Pain and Motor Function in Myotonic Dystrophy Type 1: A Cross-Sectional Study

Round 1

Reviewer 1 Report

The article titled “Pain and motor function in myotonic dystrophy type 1: a cross- 2 sectional study” by Liguori et al. provides further characterization of pain in often overlooked population of DM1 patients.

The authors claim multidimensional assessment and gender differences are not well studied in this population and attempt to shed light on this topic.

Overall it’s a well written manuscript, below are my comments.

1.      A recently published paper by Solbakken et al. goes at length to describe pain, function and gender differences in DM1 patients. While the authors refer to this paper at some places, the introduction must describe why the current study complements the existing study by Solbakken. It is not very clear what more the current study adds to existing findings from reading the introduction.

2.      Statistical testing seems to be less rigorous. The authors state “Normality was checked through the Shapiro- Wilk test.” What did they find? Most of these datasets are non-normally distributed. If that is the case, authros should report median,IQR rather than mean,SD.

3.      Again, the authors state : Wilcoxon rank-sum (Mann–Whitney) test and Chi-square exact test was used when appropriated. But, it appears they only used Wilcoxon.

4.      Similarly, the authors say Kruskal-Wallis one-way analysis-of-variance-by-ranks test was used for the factoral design. However, the tables corresponding mentioned they were done by Wilcoxon. It’s very confusion what statistical testing were done for which comparisons.

5.      Also, standardized mean differences will help to understand the effect sizes better.

6.      How did the authors control for multiple comparisons problem?

7.      There are too many tables. Except for table-1 with demographics, the rest of them should be figures (bar plots) so its easy to appreciate differences visualizing them rather than studying the numbers.

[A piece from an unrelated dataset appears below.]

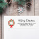 This festive return address label is decorated with a watercolor wreath of gingerbread cookies and foliage.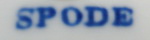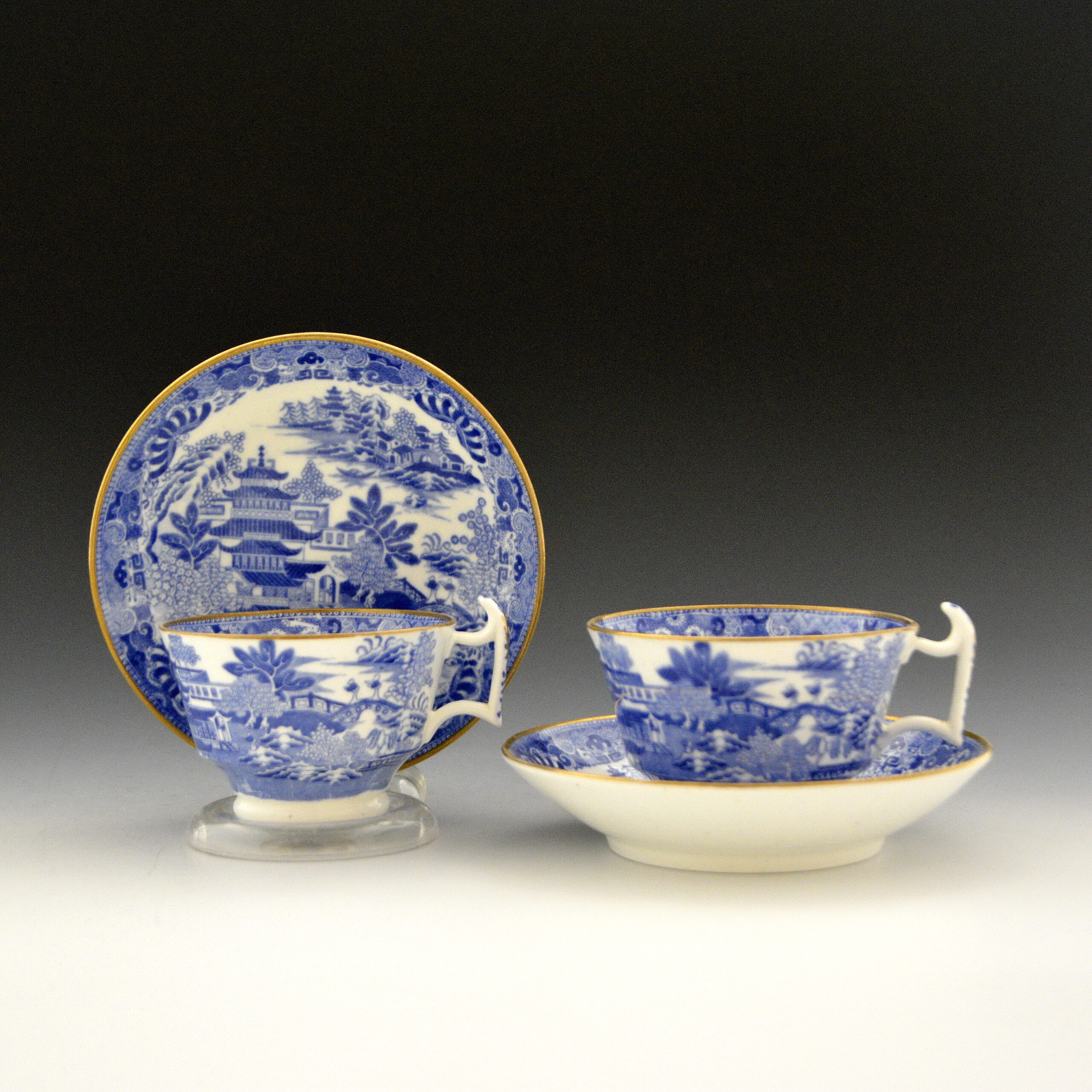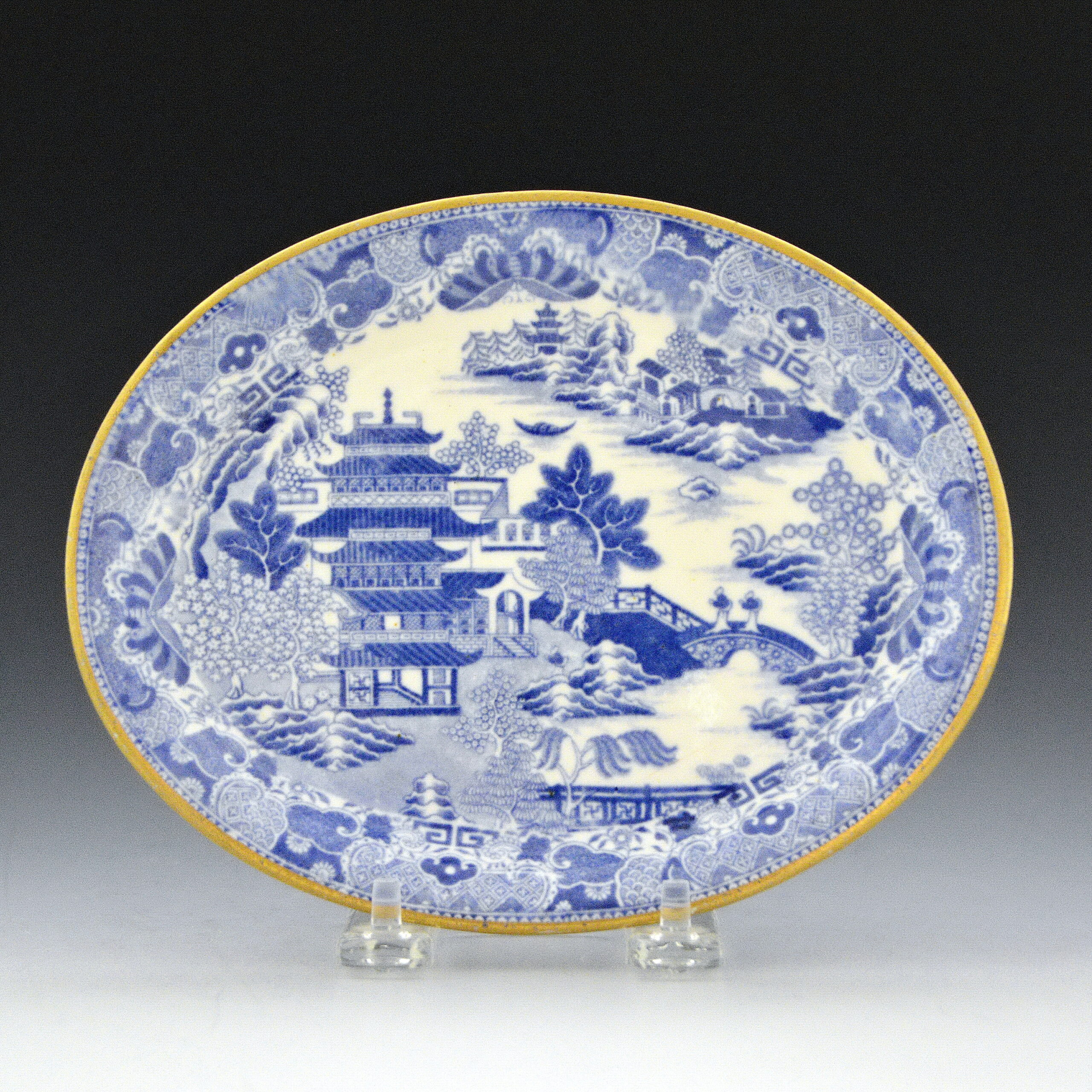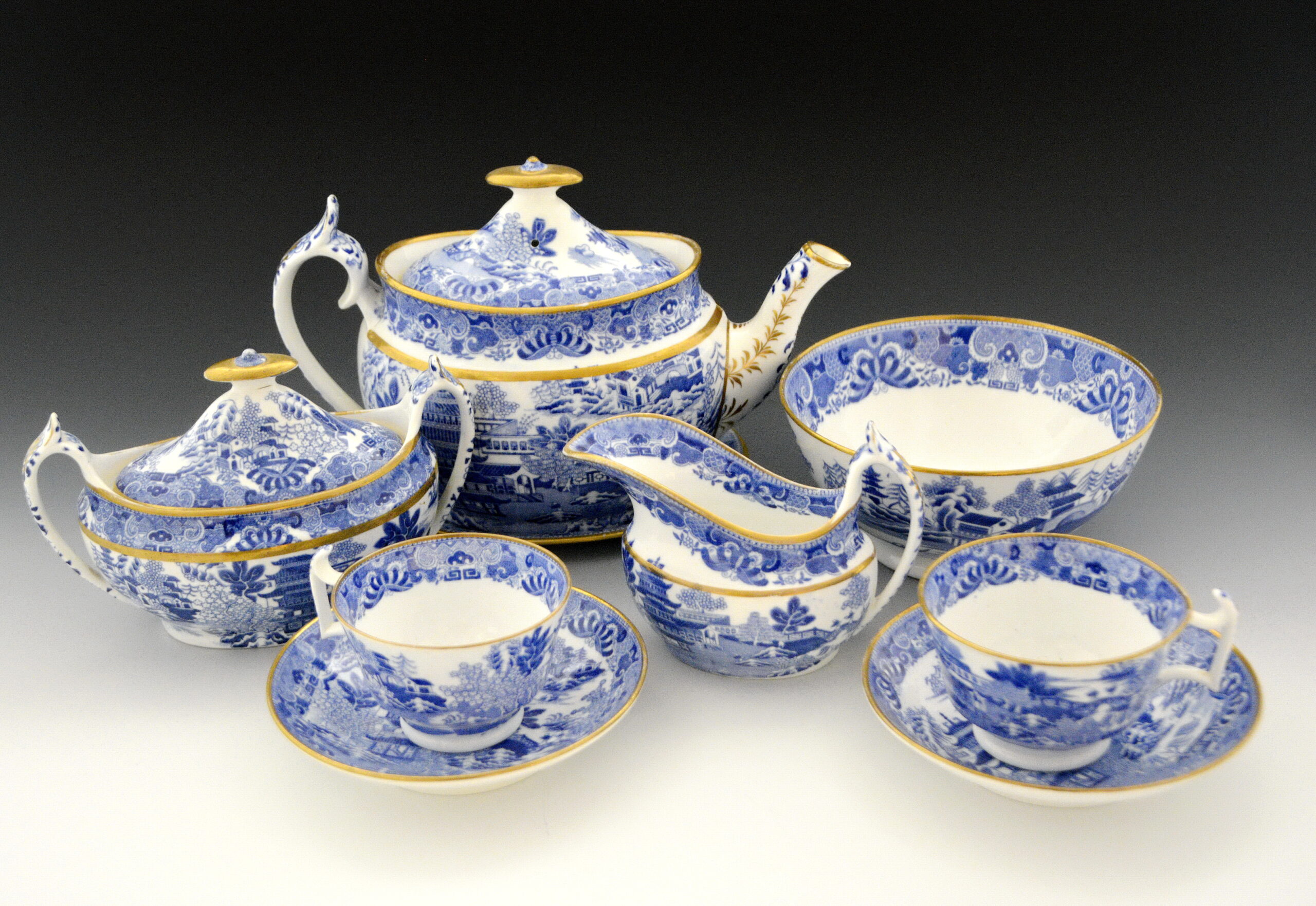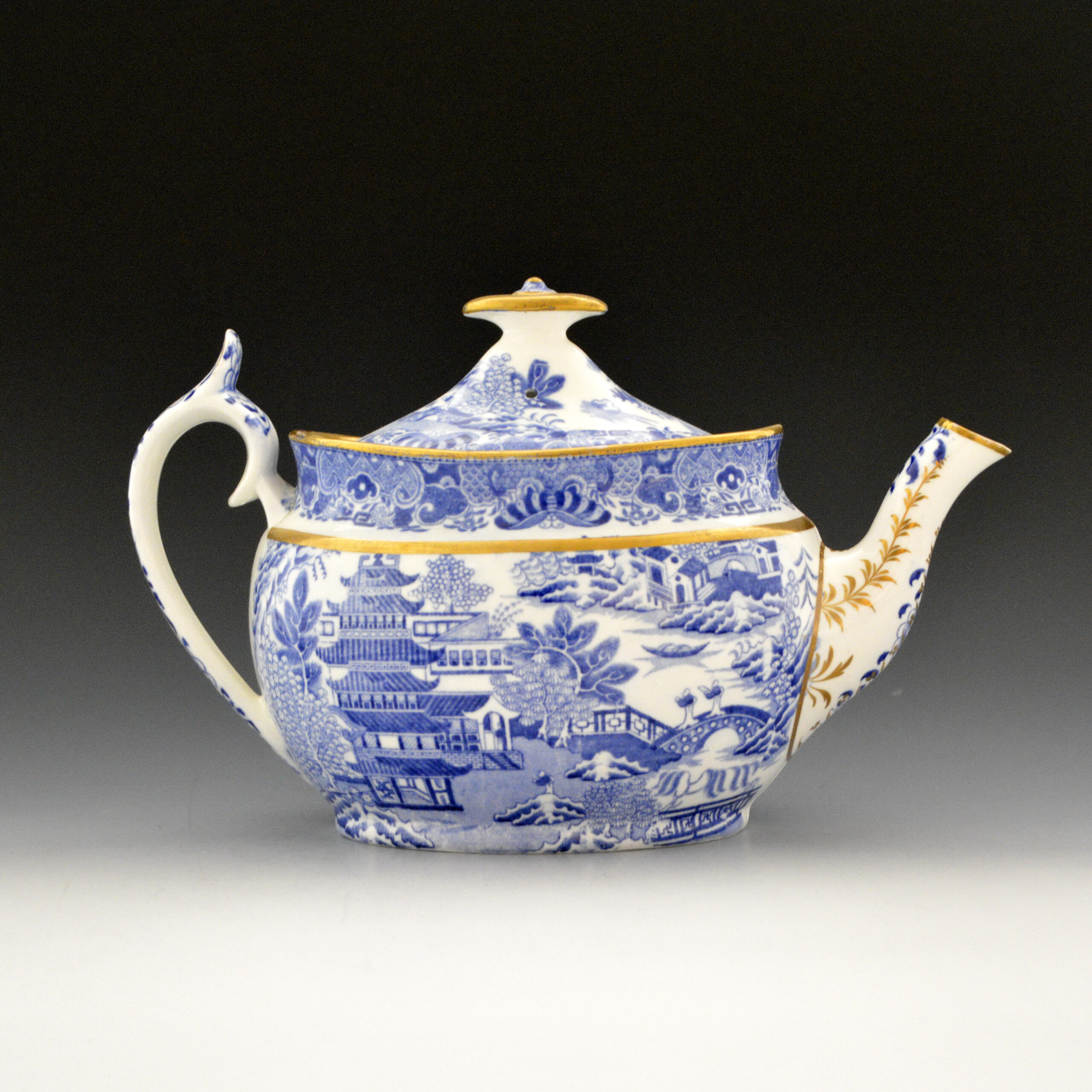 A very fine early Spode bone china tea set in the “new oval shape”. It was printed in Royal blue underglaze with the Two Temples I, Variation Temple pattern with gilt trim added. The set consists of teapot and stand (stand has a combed back), lidded sugar box, cream jug, waste bowl, and six cups and saucers. The cups and saucers are in the London shape. The teapot is 6.75″ high. An impressed “06” can be found on some saucers. Robert Copeland confirmed that the number was a maker’s mark identifying the individual who made the set. Also found is a printer’s mark, Copeland’s mark WMT11, on the same saucer.

8.      Figure-1 is not very clear, what do different colors mean?

9.      Rather than finding differences between groups, did the authors try to find if there is a correlation between multidimensional assessment and pain outcomes in these patients using regression?

1.   The discussion seems to lack a logical flow. It would be better if there are some subheading directing the readers to specific content in the discussion.

Author Response

The article titled “Pain and motor function in myotonic dystrophy type 1: a cross- 2 sectional study” by Liguori et al. provides further characterization of pain in often overlooked population of DM1 patients.

The authors claim multidimensional assessment and gender differences are not well studied in this population and attempt to shed light on this topic.

Overall it’s a well written manuscript, below are my comments.

 Dear reviewer,

I would start by thanking you for taking the time to review this manuscript and for adding very valuable and important suggestions for changes to improve understanding and overall transparency of this manuscript. All comments have been carefully addressed, which I hope you find clarity in the revised manuscript

Comments

1. A recently published paper by Solbakken et al. goes at length to describe pain, function and gender differences in DM1 patients. While the authors refer to this paper in some places, the introduction must describe why the current study complements the existing study by Solbakken. It is not very clear what more the current study adds to existing findings from reading the introduction.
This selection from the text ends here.